▸ Work instructions:
With the pictures left out, write out exactly the lines of the listing below that run from the line with "Light as air, CHEMIN" through the line with "ヘルシーな肌見せスタイルにお".

▸ Input material:
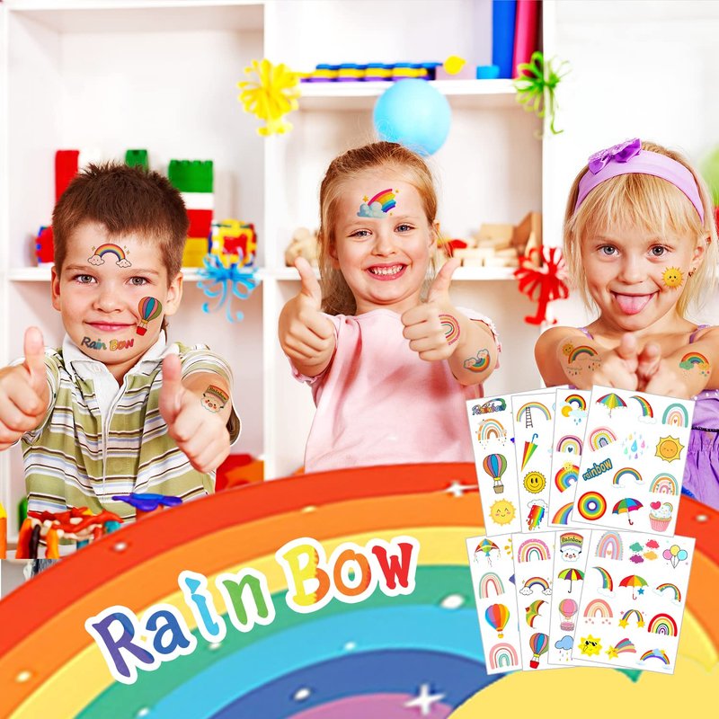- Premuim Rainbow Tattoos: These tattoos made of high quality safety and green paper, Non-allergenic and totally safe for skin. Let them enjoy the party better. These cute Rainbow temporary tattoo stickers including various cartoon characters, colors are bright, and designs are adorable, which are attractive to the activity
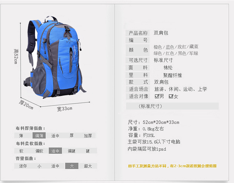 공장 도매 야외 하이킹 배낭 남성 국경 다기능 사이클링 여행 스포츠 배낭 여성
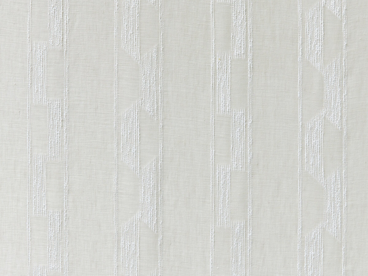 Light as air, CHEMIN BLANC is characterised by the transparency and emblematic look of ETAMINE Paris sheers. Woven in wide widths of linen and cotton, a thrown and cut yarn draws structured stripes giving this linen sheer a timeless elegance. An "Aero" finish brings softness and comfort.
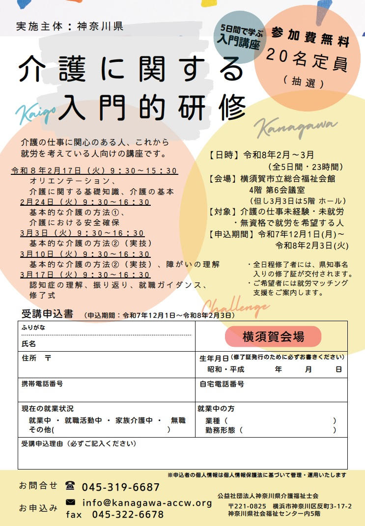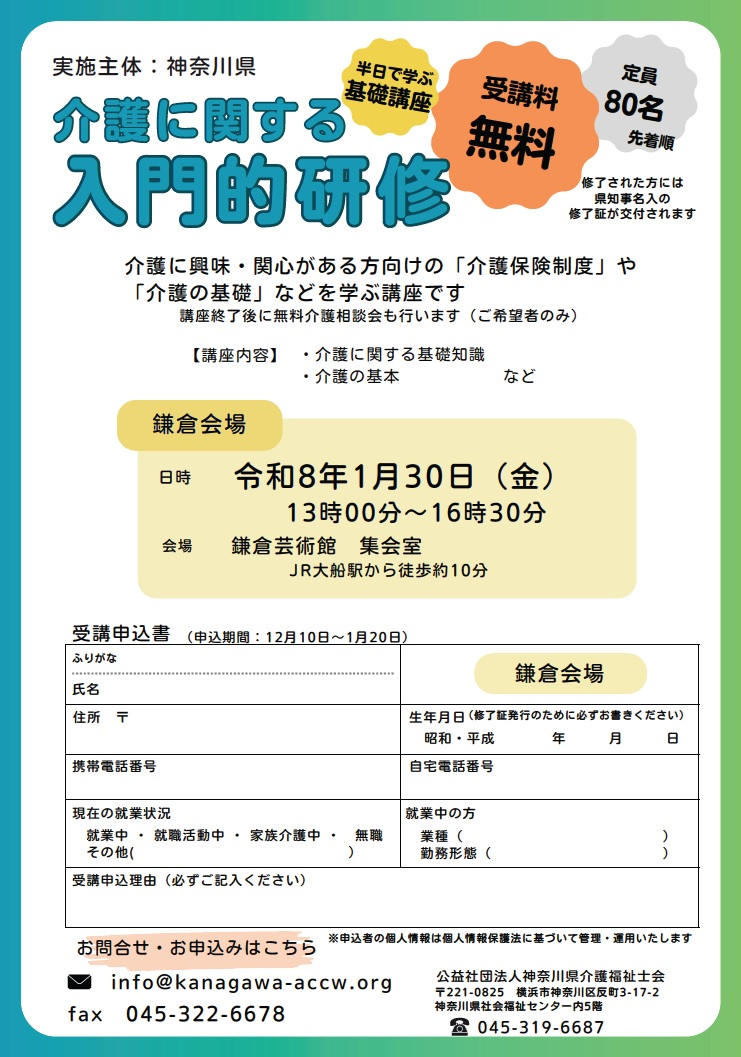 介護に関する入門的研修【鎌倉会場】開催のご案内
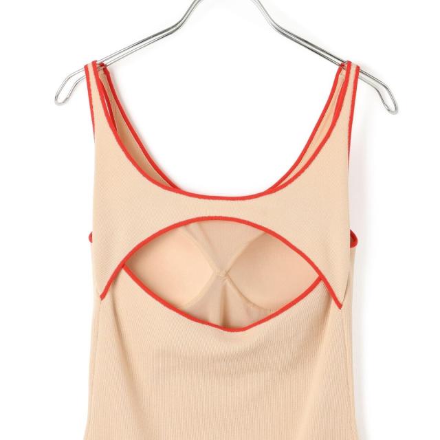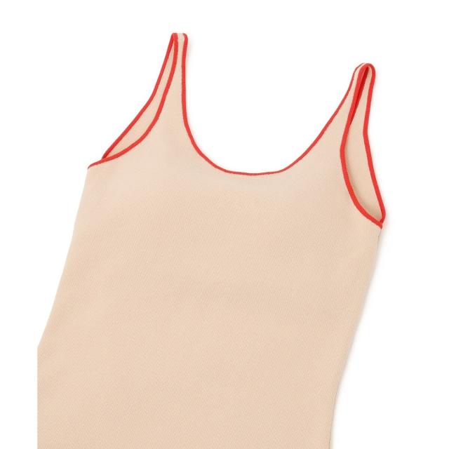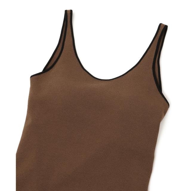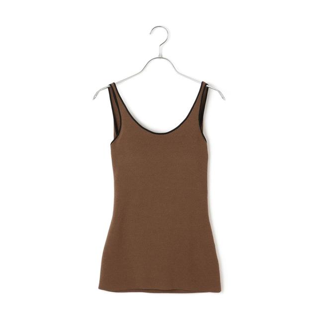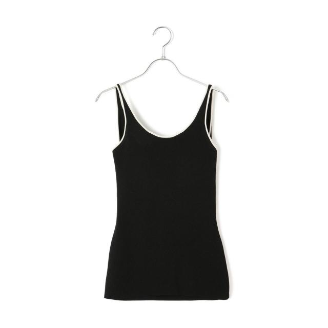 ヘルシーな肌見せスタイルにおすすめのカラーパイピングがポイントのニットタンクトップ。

...

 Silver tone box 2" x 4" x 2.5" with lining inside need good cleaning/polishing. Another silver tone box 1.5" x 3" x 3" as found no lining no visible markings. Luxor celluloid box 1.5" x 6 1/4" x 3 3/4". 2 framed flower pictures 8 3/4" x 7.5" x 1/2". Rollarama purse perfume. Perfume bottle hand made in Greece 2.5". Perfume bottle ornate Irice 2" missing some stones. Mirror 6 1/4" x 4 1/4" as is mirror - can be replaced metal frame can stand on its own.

▸ Problem solution:
 Light as air, CHEMIN BLANC is characterised by the transparency and emblematic look of ETAMINE Paris sheers. Woven in wide widths of linen and cotton, a thrown and cut yarn draws structured stripes giving this linen sheer a timeless elegance. An "Aero" finish brings softness and comfort.
 介護に関する入門的研修【鎌倉会場】開催のご案内
 ヘルシーな肌見せスタイルにおすすめのカラーパイピングがポイントのニットタンクトップ。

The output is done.